* _What you will do_
The answer should be an exact repeat of the stretch of material below from the line containing "Make every little" through the line containing "So I'll ride".
▬▬▬▬▬▬▬▬▬▬
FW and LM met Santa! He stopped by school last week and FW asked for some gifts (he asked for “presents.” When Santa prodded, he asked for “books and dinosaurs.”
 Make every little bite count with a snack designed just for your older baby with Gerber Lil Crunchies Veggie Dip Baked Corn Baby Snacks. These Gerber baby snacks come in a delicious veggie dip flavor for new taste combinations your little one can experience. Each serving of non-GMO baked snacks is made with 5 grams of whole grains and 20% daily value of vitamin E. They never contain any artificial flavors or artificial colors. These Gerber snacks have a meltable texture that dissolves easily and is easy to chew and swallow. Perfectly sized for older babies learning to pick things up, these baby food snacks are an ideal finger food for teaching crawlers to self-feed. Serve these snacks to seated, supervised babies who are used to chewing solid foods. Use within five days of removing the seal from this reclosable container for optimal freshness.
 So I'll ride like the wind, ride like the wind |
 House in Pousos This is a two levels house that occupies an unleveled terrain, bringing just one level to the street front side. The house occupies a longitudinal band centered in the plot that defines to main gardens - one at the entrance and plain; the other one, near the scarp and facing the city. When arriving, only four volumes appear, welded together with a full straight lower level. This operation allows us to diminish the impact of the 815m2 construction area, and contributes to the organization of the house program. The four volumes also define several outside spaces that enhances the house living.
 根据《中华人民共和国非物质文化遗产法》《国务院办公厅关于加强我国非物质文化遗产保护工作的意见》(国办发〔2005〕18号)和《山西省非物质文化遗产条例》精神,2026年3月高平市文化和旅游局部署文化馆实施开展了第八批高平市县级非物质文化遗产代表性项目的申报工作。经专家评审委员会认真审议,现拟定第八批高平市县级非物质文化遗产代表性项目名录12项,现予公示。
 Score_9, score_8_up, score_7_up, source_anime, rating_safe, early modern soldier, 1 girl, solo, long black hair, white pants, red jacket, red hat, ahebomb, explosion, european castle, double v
▬▬▬▬▬▬▬▬▬▬
* _Exercise result_
 Make every little bite count with a snack designed just for your older baby with Gerber Lil Crunchies Veggie Dip Baked Corn Baby Snacks. These Gerber baby snacks come in a delicious veggie dip flavor for new taste combinations your little one can experience. Each serving of non-GMO baked snacks is made with 5 grams of whole grains and 20% daily value of vitamin E. They never contain any artificial flavors or artificial colors. These Gerber snacks have a meltable texture that dissolves easily and is easy to chew and swallow. Perfectly sized for older babies learning to pick things up, these baby food snacks are an ideal finger food for teaching crawlers to self-feed. Serve these snacks to seated, supervised babies who are used to chewing solid foods. Use within five days of removing the seal from this reclosable container for optimal freshness.
 So I'll ride like the wind, ride like the wind |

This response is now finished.